Detailed Description
In the following description of the embodiments, the detailed description of the present invention, such as the manufacturing processes and the operation and use methods, will be further described in detail to help those skilled in the art to more fully, accurately and deeply understand the inventive concept and technical solutions of the present invention.
In order to solve the defect of enucleation of a chemical enucleation method and a micromanipulation enucleation method in the prior art, the method for removing oocyte nuclei provided by the invention comprises the steps of obtaining oocytes matured in vitro, removing zona pellucida of the oocytes, cutting the oocytes and removing the nuclei.

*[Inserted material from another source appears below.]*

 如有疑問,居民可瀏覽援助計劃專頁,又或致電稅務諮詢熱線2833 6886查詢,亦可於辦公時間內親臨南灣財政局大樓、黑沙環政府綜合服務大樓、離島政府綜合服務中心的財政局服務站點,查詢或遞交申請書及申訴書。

In order to operate conveniently and quickly and improve the enucleation rate, the in vitro mature oocyte acquisition method comprises the following steps: selecting a healthy female mouse which is 5-8 weeks old before estrus, taking out the ampulla of the oviduct through aseptic surgery, rinsing the female mouse with M2 for 2-3 times, clamping the oviduct, scratching the ampulla of the oviduct through a syringe needle of a microscope, collecting a cumulus oophorus-oocyte compound, transferring the compound into hyaluronidase, and slowly blowing to remove granular cells; collecting oocytes in the MII stage, washing the oocytes with M2 for 3-4 times, and preferably placing the obtained oocytes in the MII stage in an incubator, wherein the in vitro mature oocyte obtaining comprises the following steps: selecting a healthy female mouse which is 5-8 weeks old before estrus, taking out the ampulla of the oviduct through aseptic surgery, rinsing the female mouse with M2 for 2-3 times, clamping the oviduct, scratching the ampulla of the oviduct through a syringe needle of a microscope, collecting a cumulus oophorus-oocyte compound, transferring the compound into hyaluronidase, and slowly blowing to remove granular cells; collecting the MII-stage oocyte, washing the MII-stage oocyte 3-4 times by using M2, and placing the obtained MII-stage oocyte in an incubator.

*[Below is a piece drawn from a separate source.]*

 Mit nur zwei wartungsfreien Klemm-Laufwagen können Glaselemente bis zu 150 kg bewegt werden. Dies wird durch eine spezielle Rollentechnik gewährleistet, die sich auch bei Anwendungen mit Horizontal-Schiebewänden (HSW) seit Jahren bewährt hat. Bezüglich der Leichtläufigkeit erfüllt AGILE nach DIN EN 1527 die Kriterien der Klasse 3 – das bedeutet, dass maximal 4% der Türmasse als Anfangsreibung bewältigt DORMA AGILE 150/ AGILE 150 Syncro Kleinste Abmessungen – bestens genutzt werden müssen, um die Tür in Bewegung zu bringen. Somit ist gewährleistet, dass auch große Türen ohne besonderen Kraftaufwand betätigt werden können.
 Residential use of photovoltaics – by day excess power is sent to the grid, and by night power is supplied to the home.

In order to operate conveniently and quickly, improve the denucleation rate and remove the zona pellucida of the oocyte, the oocyte in the MII stage is treated by pronase until the zona pellucida is digested, then the oocyte is transferred into FBS fetal bovine serum solution to stop the digestion, and the oocyte with the zona pellucida removed is placed in an incubator.
In order to operate conveniently and quickly and improve the denucleation rate, the concentration of the pronase is 0.3-1.0%.

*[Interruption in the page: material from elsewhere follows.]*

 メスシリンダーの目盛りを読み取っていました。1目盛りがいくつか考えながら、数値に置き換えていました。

In order to operate conveniently and rapidly and improve the denucleation rate, the concentration of FBS fetal bovine serum is 5-15%.
In order to operate conveniently and quickly and improve the denucleation rate, the oocyte with the digested zona pellucida is transferred into a cutting drop, the oocyte is cut quickly under a microscope, and cytoplasm containing polar bodies 1/3-1/2 is discarded after cutting.
In order to operate conveniently and quickly and improve the denucleation rate, the cutting drop is 2.0-3.0 ug/mL cytochalasin B.
In order to operate conveniently and quickly and improve the denucleation rate, the temperature of the incubator is 35-40 ℃, and CO is used2The content is 3-8%.
The manual removal of the egg cell nucleus does not require expensive microscopic equipment nor pharmaceutical action, and the enucleation can be completed under a microscope only by using a common tool. The manual removal of oocyte nucleus not only needs no expensive micromanipulation instrument but also has the advantages of simple enucleation operation and high enucleation efficiency. Compared with the prior enucleation technology, the egg cells are cut into two halves under a microscope by using a common cutting tool, wherein one half does not contain cell nucleuses, and the egg cells are selected by nuclear staining. The invention can greatly improve the efficiency of enucleating egg cells. The method for manually removing the nucleus of an oocyte obtains a large number of enucleated oocytes in a short time. The method can provide sufficient material sources for cloning animals, the denucleation and low toxicity have little damage to egg cells, and the operation is simple, thus becoming the prerequisite for popularization and application.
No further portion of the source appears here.